An analysis of the companies and consequent industries that represent the sensex show that there will be more industries that will struggle in the next three months than those who will sail through. A rapidly changing external enviroment, in US and in the commodities market is also expected to increase uncertainly in corporate performance in the near term.
The signs of a slowdown, of course, has been visible in the current financial year. Over the last two quarters, automobile companies Tata Motors and Mahindra & Mahindra which make commercial vehicles and tractors and more sensitive to ground realities, have seen their profits drop. Though, the companies have managed to sell more, they have had to cut prices, despite an increase in input costs. Says brokerage firm First Global's Shankar Sharma: "We continue to be negative on Tata Motors."

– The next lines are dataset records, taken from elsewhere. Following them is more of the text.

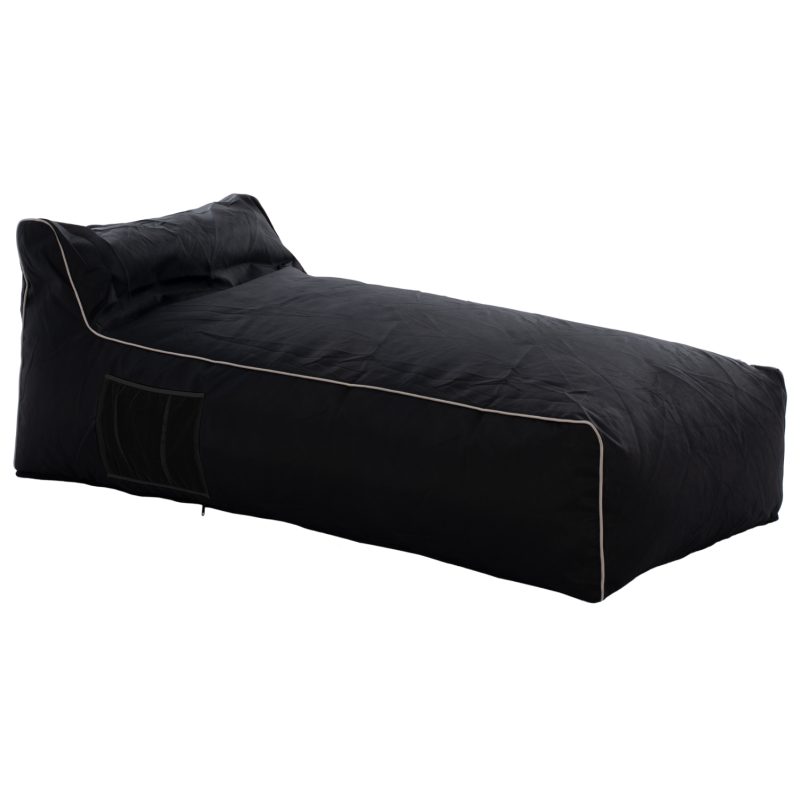 Επαγγελματικό πουφ ξαπλώστρα, κατασκευασμένο από textline 2×1 σε μαύρη απόχρωση, πολύ μεγάλης αντοχής στον ήλιο, την υγρασία και την τριβή.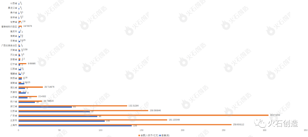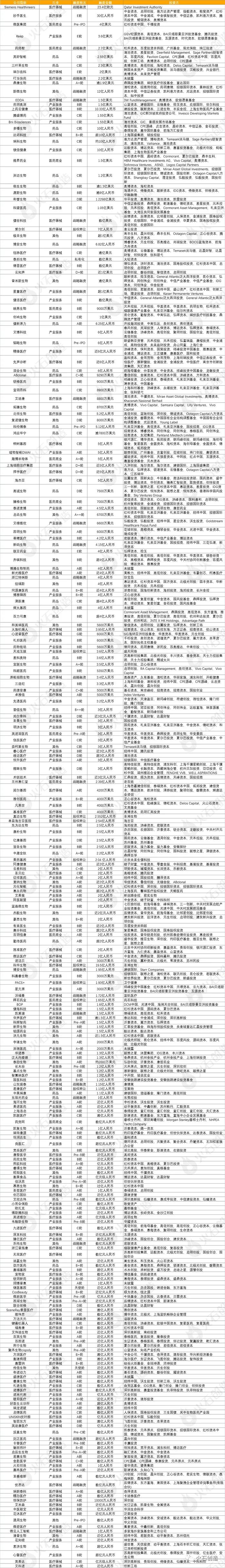 【融资概况】1-6月全国医健领域共发生了578起投融资事件,累计金额超过1151.72亿元。【融资轮次分布】从融资轮次上看,1-6月融资事件大多集中在Pre-A到A++轮,共有186个项目获投。此外,战略融资获得的资金最多,数量仅16.61%的战略融资获得了27.16%的投资金额,高达312.79亿元。 【融资地域分布】1-6月融资项目主要分布在上海市(138起)和北京市(105起)。其中广东省融资金额高达304.73亿元,占总融资金额26.46%。 【融资金额分布】1-6月共578个项目获得投资,累计金额超1151.72亿元,单笔融资金额超过亿元的案例289起,合计融资金额约1109亿元,占上半年融资规模总额的96.29%。【最受投资人欢迎的领域】上半年医疗器械领域最为吸金,融资金额超过371.79亿元,占总融资金额的32.28%。从数量上看,产业服务领域最为活跃。 图 5:2021年1-6月各领域融资数量及金额分布情况1. Siemens Healthineers AG 通过加速簿记增发成功向机构投资者配售了 5300 万股新股。配售价定为每股 44.10 欧元,扣除佣金和费用前的总收益约为 23.4 亿欧元。大约 16.2% 的发行规模分配给了卡塔尔投资局 (QIA)。“通过此次配股,我们成功完成了瓦里安融资的股权相关部分,并实施了最初宣布的融资结构,”西门子医疗集团首席财务官 Jochen Schmitz 博士说。“该交易还将增加自由流通量,从而增加我们股票的吸引力。”2. 2月9日,北京圆心科技集团(后简称圆心科技)正式宣布完成30亿元E轮融资。本轮是继2020年6月D轮融资完成半年后的又一轮融资,由红杉资本中国基金和腾讯联合领投,中信证券、中金资本、OrbiMed、启明创投、鲲翎资本、歌斐资产、易方达基金、指数资本等跟投,指数资本继续担任独家财务顾问。本轮投资方囊括多类型的顶级机构,包括一级和二级市场、TMT和医疗行业、产业资本和财务资本,形成了跨视角的资本共识。本轮融资后,圆心科技将继续深挖服务能力,将资金用于提升公司在互联网医疗、用药管理、健康保险等领域的竞争优势,进一步巩固公司“医-患-药-险”生态服务优势。3. 2月25日,由微医集团分拆出的数字医疗平台微医控股(下称“微医”),在近期完成了超过4亿美元的Pre-IPO融资,估值近70亿美元,该公司最快可能于下月向港交所递交IPO申请。微医该轮融资主要是以红杉资本为代表的老股东加持,及千禧资本等投资机构、大型保险机构的战略性投资。值得一提的是,微医是千禧资本在亚洲参投的首个Pre-IPO轮项目。据了解,以互联网医院为依托,微医开创的数字责任医疗体系正在山东、天津等地区落地并规模化向全国其他区域推广复制。在天津,微医打造了中国首家由互联网医院牵头的省级紧密型医联体,由其旗下互联网医院牵头、协同全市267家基层医疗机构,为用户提供诊前、诊中、诊后全流程医疗和健康维护服务,落实健康责任制。4.运动科技公司Keep已于近日完成3.6亿美元E轮融资,投后估值20亿美金,这距离2020年5月Keep上一轮融资时的10亿美金估值翻了一倍。本轮融资由软银愿景基金领投,高瓴资本、蔻图资本跟投,GGV、腾讯、五源资本、时代资本和BAI资本等老股东也追加了投资。本轮融资过后,2021年Keep还将针对跑步机、运动手环等智能硬件进行迭代升级,持续优化运动小器械品类,并推出更符合中国消费者肠胃的健康食品。本周医健行业活跃投资机构:高瓴创投,红杉资本中国,同创伟业,启明创投,夏尔巴投资,经纬中国,华盖资本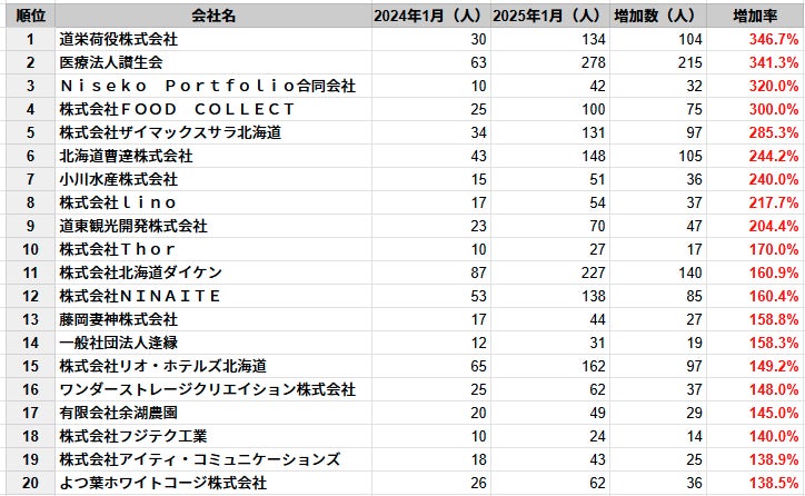 「誰もが活躍できる仕組みをつくる。」をミッションに掲げ、セールスチームの武器となるデータベース「SalesNow」を展開する株式会社SalesNow(本社:東京都渋谷区、代表取締役:村岡功規、以下「SalesNow」)は、国内550万社の企業情報を完全網羅した日本最大級のデータベース「SalesNow DB」より、北海道に本社を置く企業の2024年1月時点および2025年1月時点の従業員数データを分析し、従業員数増加率ランキングTOP20を発表しました。本ランキングは、各企業の成長スピードを可視化するものであり、新規雇用の創出や事業拡大の動向を明らかにしています。
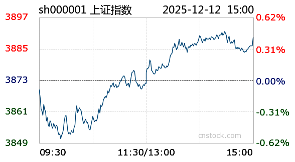 AI小壹12月12日讯 沪市小幅上涨,最高触及3891.81点,最低下探3850.6点,振幅0.41%。截至今日15:00收盘,上证指数报3889.35点,涨幅0.41%,成交额9099.51亿元,成交量5.74亿;深证成指报13258.33点,最高13284.27点,最低13085.42点,涨幅0.84%,成交额1.18千亿元,成交量7.01亿;创业板报3194.36点,最高3203.25点,最低3137.63点,涨幅0.97%,成交额5662.91亿元,成交量2.11亿。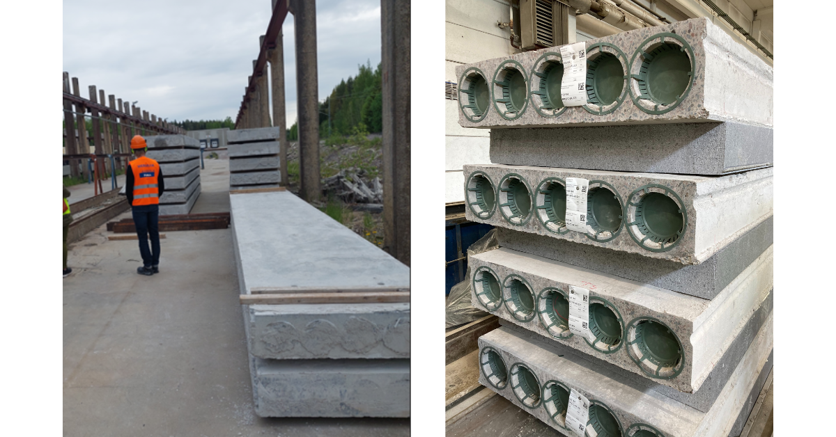 • Logistics and refurbishment in the factory are prepared so that the factory workflow is continuous and resembles manufacturing processes. Planning the logistics of hollow-core slabs and planning their tagging so that information about the origin of the slabs is maintained throughout the process.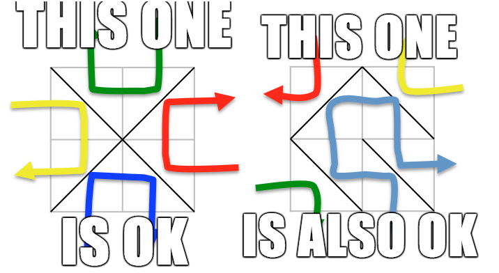 - Если пустить луч света горизонтально/вертикально в середину любого единичного отрезка, являющегося стороной некоторой граничной ячейки, то луч света выйдет из одноги из соседних с ним единичных отрезков.

In the last couple of years, companies grew rapidly as there was a demand pull in nearly all sectors. Coming out of years of cost-cutting in the early 2000s, companies reported a big growth in profitability. In the last two years, a spurt in input prices like metals and fuel first ate into the margins.
Now, with demand growth tapering off, analysts expect companies to find the going tough. Says a Kotak Mutual Fund manager: "There was a pent up demand that saw numbers come in rapidly. From now on, it will be a more stable growth for companies."
The sectors that will be affected most will be automobiles, commodities and the IT sector. The overall global sentiment in markets across the world is expected to have an affect on metals, petrochemicals and even oil. Though, in the current quarter companies like Tata Steel and Hindalco have been more affected by large acquisitions, lower metal prices are expected to supress overall sales.
There could be a silver lining. Analysts expect that the slowdown in US will eventually have a bearing on oil prices. They expect global oil prices to ease in the coming months, leading to cut in input prices across industry. Says the Kotak Manager: "In that scenario, a slowdown in demand can be arrested in the near term."
The industries that are expected to beat the trend are telecom firms which are adding million of new subscribers. Companies who also have committed orders for building infrastructure like Bhel and L&T will also sail through and not be affected seriously.